++++ DATA FOR THIS TASK
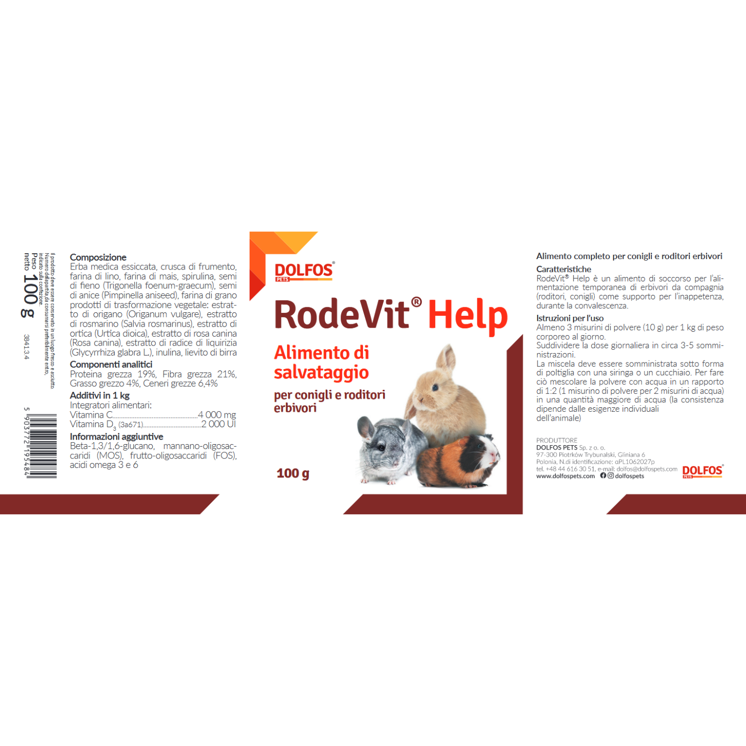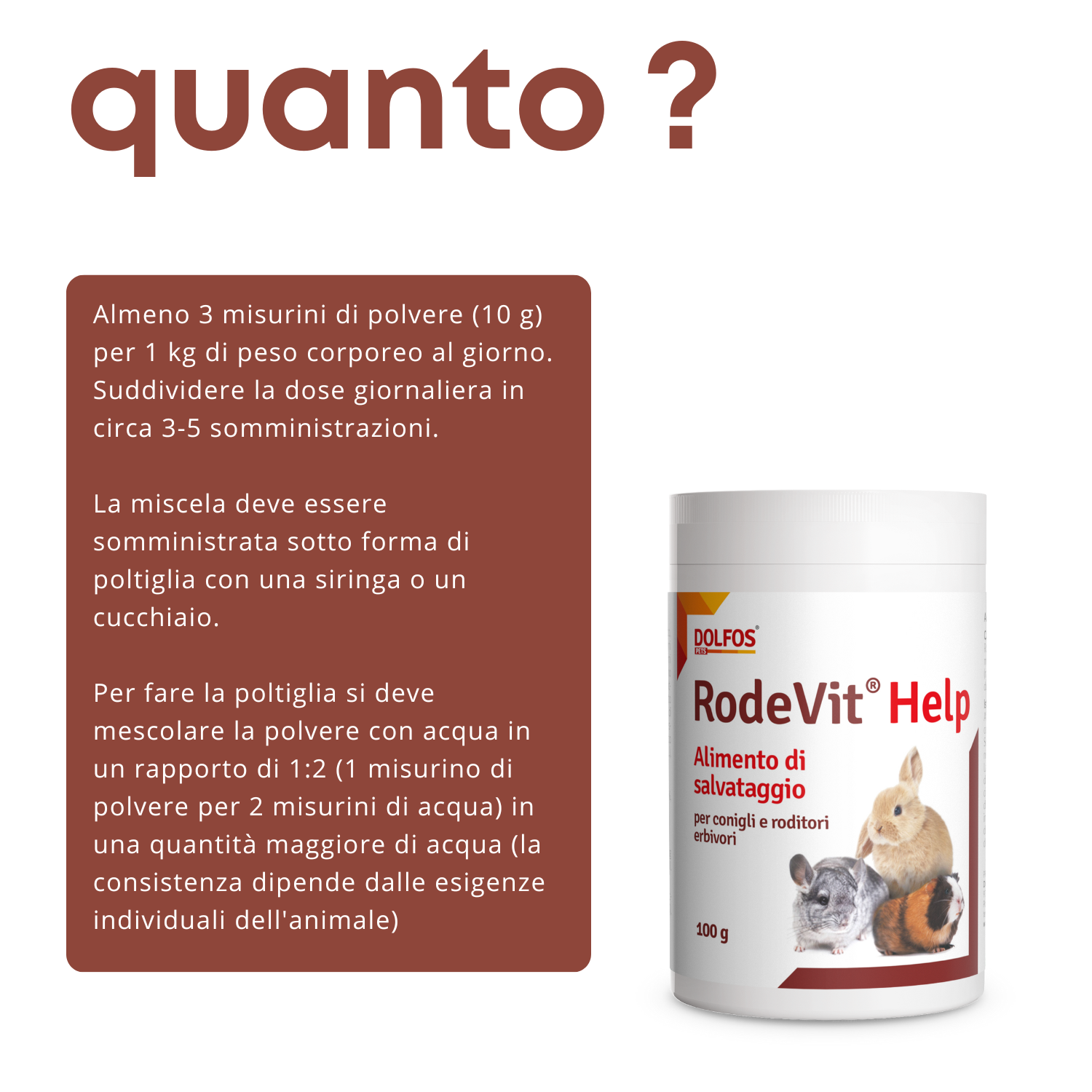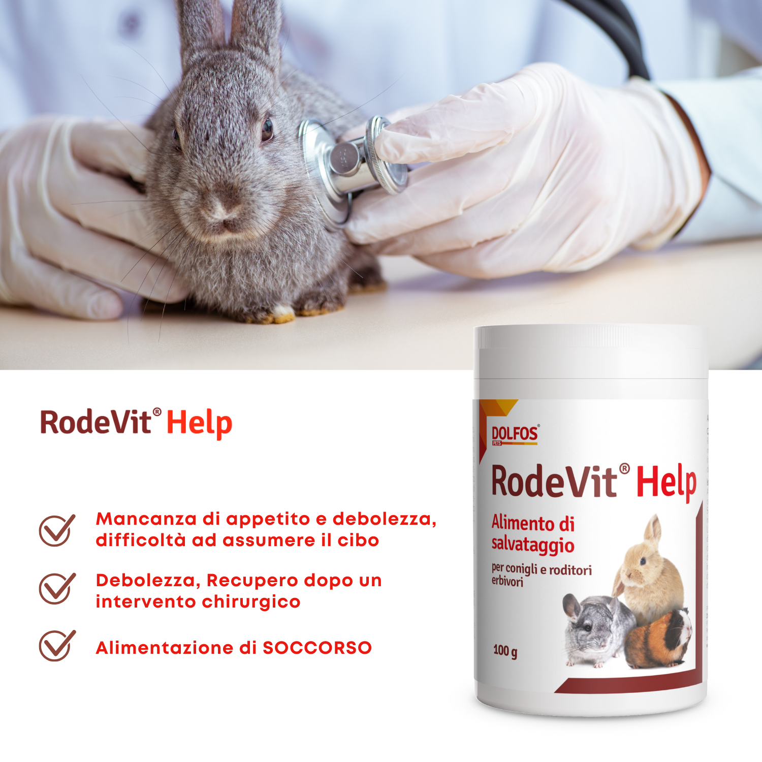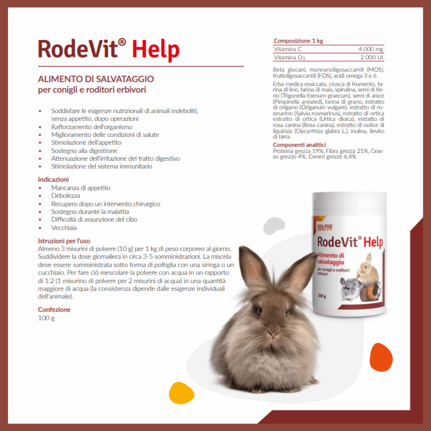 RodeVit Help è un alimento di soccorso per l'alimentazione temporanea di erbivori da compagnia (roditori, conigli) come supporto per l'inappetenza e durante la  convalescenza.
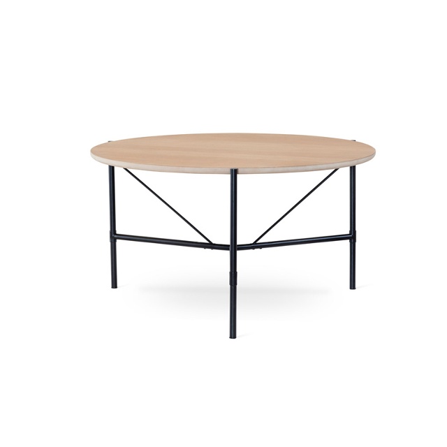 ALE runt matbord har en bordsskivan i fanerad vitoljad ek som kombineras med ett underrede i svart pulverlackad metall.
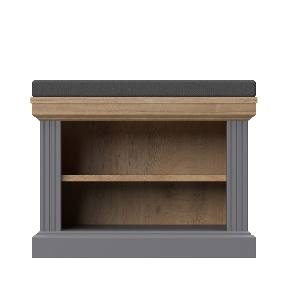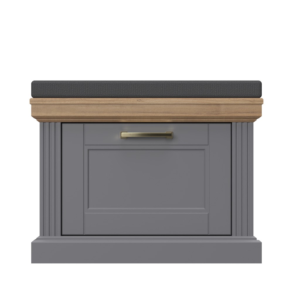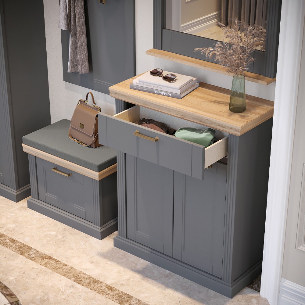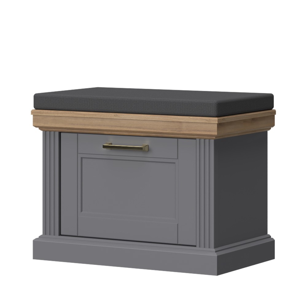 Komoda za predsoblje iz kolekcije Tara s jednim krilom i tapeciranim jastukom za sjedenje. Fronta komode izrađena je od rezbarenog medijapana lakiranog UV lakom s nježnim mat efektom u grafitnoj ili bijeloj boji, a dekorativna masivna pokrovna ploča je izrađena od medijapana obloženog folijom u dekoru pacifik orah. Stilski profilirane lajsne izrađene su od MDF-a debljine 25 mm. Korpus elementa izrađen je od šperploče u dekoru pacifik orah. Vidljive strane korpusa lakirane su UV lakom s soft mat efektom u grafitnoj ili bijeloj boji. Jedna polica čini komodu funkcionalnijom, ukrasne mesingane ručke (R-30) i gasni mehanizam koji omogućuje tiho i elegantno zatvaranje krila uključeni su u cijenu elementa. Podesive nogice omogućuju izravnavanje na neravnim površinama. Jastuk je presvučen visokokvalitetnim tekstilom koji je vodootporan i omogućuje lakše uklanjanje mrlja.
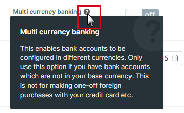 See Understanding Cash vs. Accrual Accounting for more information.Currency Use these options to set the base currency and enable multi-currency functionality.
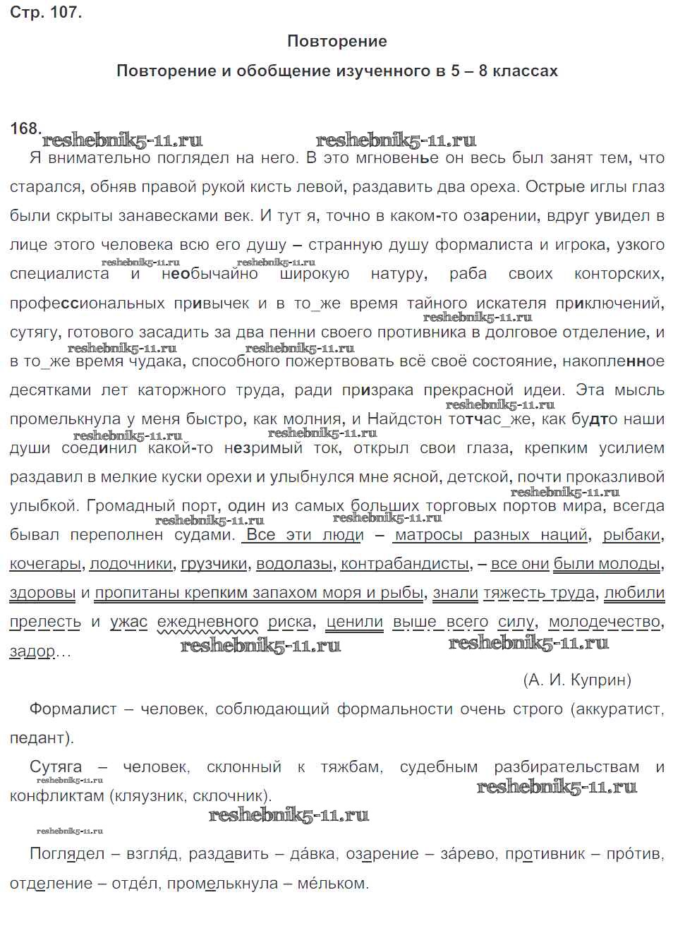 Готовая домашняя работа с ответами по Русскому языку за 8 класс Кулаева Рабочая тетрадь УМК Экзамен 2015 ФГОС - Упражнения 168
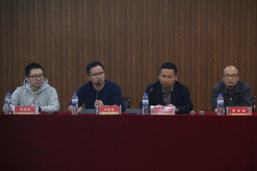 10月26日下午,海洋之神590线路检测中心于博文堂二楼召开了考研动员大会。公司副经理马宏程、党总支副书记陆卫斌,汉语言文学系主任刘亚斌、汉语国际教育系主任朱睿达、国际传播系主任曾来海出席此次会议。会议由汉语言文学系主任刘亚斌主持。
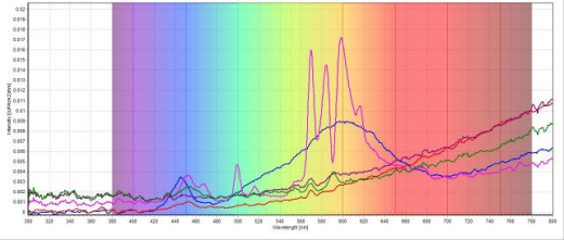 圖3:歸類為LED燈的5個圣誕彩燈樣品的輻照度光譜
++++++++
*TASK DESCRIPTION*. With the pictures left out, transcribe exactly the lines from the line holding "See Understanding Cash" through the closing line of the entries.

*ANSWER TO THIS TASK*.
 See Understanding Cash vs. Accrual Accounting for more information.Currency Use these options to set the base currency and enable multi-currency functionality.
 Готовая домашняя работа с ответами по Русскому языку за 8 класс Кулаева Рабочая тетрадь УМК Экзамен 2015 ФГОС - Упражнения 168
 10月26日下午,海洋之神590线路检测中心于博文堂二楼召开了考研动员大会。公司副经理马宏程、党总支副书记陆卫斌,汉语言文学系主任刘亚斌、汉语国际教育系主任朱睿达、国际传播系主任曾来海出席此次会议。会议由汉语言文学系主任刘亚斌主持。
 圖3:歸類為LED燈的5個圣誕彩燈樣品的輻照度光譜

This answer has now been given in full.